Available data START

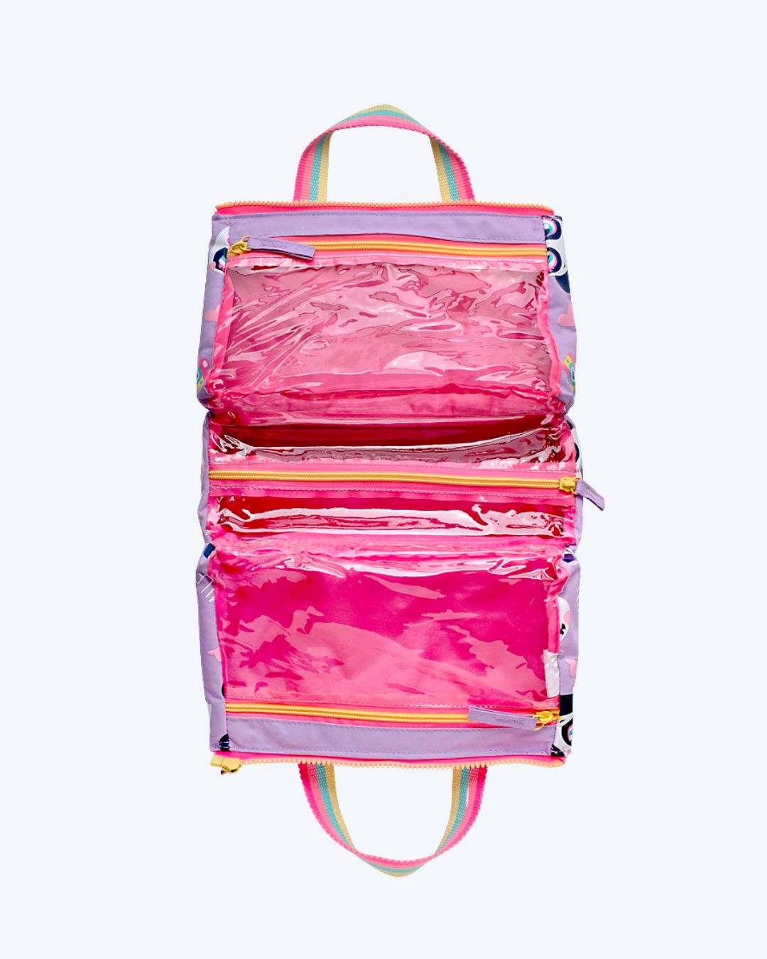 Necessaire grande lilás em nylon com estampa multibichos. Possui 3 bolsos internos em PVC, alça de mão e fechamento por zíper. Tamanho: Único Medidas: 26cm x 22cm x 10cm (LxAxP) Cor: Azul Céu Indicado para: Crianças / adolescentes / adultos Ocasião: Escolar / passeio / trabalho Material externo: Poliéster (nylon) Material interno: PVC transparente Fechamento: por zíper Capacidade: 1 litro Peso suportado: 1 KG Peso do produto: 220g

Available data END
Available data START

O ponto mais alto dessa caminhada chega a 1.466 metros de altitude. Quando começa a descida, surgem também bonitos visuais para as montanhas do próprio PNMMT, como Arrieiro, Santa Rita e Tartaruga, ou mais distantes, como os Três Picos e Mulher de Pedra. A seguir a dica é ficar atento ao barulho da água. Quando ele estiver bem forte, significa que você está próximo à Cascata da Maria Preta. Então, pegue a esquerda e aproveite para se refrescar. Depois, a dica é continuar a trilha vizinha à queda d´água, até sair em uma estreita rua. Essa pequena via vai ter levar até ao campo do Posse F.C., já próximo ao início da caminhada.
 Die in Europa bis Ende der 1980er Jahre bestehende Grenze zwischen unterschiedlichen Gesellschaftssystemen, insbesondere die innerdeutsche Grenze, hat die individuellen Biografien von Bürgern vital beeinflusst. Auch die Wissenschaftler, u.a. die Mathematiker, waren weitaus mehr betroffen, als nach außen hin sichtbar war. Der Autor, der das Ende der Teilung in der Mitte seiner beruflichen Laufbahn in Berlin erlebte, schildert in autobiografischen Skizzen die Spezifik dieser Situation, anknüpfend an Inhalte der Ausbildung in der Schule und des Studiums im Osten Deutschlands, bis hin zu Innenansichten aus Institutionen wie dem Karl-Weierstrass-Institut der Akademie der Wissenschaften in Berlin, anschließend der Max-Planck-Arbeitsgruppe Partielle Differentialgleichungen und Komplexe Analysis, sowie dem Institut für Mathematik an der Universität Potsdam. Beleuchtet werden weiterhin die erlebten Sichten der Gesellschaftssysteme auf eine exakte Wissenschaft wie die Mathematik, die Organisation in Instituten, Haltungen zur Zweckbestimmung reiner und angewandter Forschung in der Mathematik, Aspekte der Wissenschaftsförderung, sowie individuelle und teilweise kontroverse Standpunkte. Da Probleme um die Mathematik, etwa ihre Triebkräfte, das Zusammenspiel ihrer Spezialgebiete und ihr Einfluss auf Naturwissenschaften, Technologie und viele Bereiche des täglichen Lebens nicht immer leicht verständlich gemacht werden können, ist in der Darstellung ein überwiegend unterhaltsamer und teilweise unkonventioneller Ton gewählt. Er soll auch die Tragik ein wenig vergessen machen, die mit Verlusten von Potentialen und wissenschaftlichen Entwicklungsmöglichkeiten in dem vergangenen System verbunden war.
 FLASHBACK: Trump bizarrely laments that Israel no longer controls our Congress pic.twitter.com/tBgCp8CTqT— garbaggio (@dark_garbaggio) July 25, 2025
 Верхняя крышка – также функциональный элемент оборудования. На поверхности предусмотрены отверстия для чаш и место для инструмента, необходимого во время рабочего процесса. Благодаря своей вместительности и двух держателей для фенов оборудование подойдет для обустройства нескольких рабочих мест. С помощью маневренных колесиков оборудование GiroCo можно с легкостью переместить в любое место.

Available data END

The expected output is exactly the lines of the listing above between the line holding "Die in Europa" and the line holding "FLASHBACK: Trump bizarrely", inclusive.

 Die in Europa bis Ende der 1980er Jahre bestehende Grenze zwischen unterschiedlichen Gesellschaftssystemen, insbesondere die innerdeutsche Grenze, hat die individuellen Biografien von Bürgern vital beeinflusst. Auch die Wissenschaftler, u.a. die Mathematiker, waren weitaus mehr betroffen, als nach außen hin sichtbar war. Der Autor, der das Ende der Teilung in der Mitte seiner beruflichen Laufbahn in Berlin erlebte, schildert in autobiografischen Skizzen die Spezifik dieser Situation, anknüpfend an Inhalte der Ausbildung in der Schule und des Studiums im Osten Deutschlands, bis hin zu Innenansichten aus Institutionen wie dem Karl-Weierstrass-Institut der Akademie der Wissenschaften in Berlin, anschließend der Max-Planck-Arbeitsgruppe Partielle Differentialgleichungen und Komplexe Analysis, sowie dem Institut für Mathematik an der Universität Potsdam. Beleuchtet werden weiterhin die erlebten Sichten der Gesellschaftssysteme auf eine exakte Wissenschaft wie die Mathematik, die Organisation in Instituten, Haltungen zur Zweckbestimmung reiner und angewandter Forschung in der Mathematik, Aspekte der Wissenschaftsförderung, sowie individuelle und teilweise kontroverse Standpunkte. Da Probleme um die Mathematik, etwa ihre Triebkräfte, das Zusammenspiel ihrer Spezialgebiete und ihr Einfluss auf Naturwissenschaften, Technologie und viele Bereiche des täglichen Lebens nicht immer leicht verständlich gemacht werden können, ist in der Darstellung ein überwiegend unterhaltsamer und teilweise unkonventioneller Ton gewählt. Er soll auch die Tragik ein wenig vergessen machen, die mit Verlusten von Potentialen und wissenschaftlichen Entwicklungsmöglichkeiten in dem vergangenen System verbunden war.
 FLASHBACK: Trump bizarrely laments that Israel no longer controls our Congress pic.twitter.com/tBgCp8CTqT— garbaggio (@dark_garbaggio) July 25, 2025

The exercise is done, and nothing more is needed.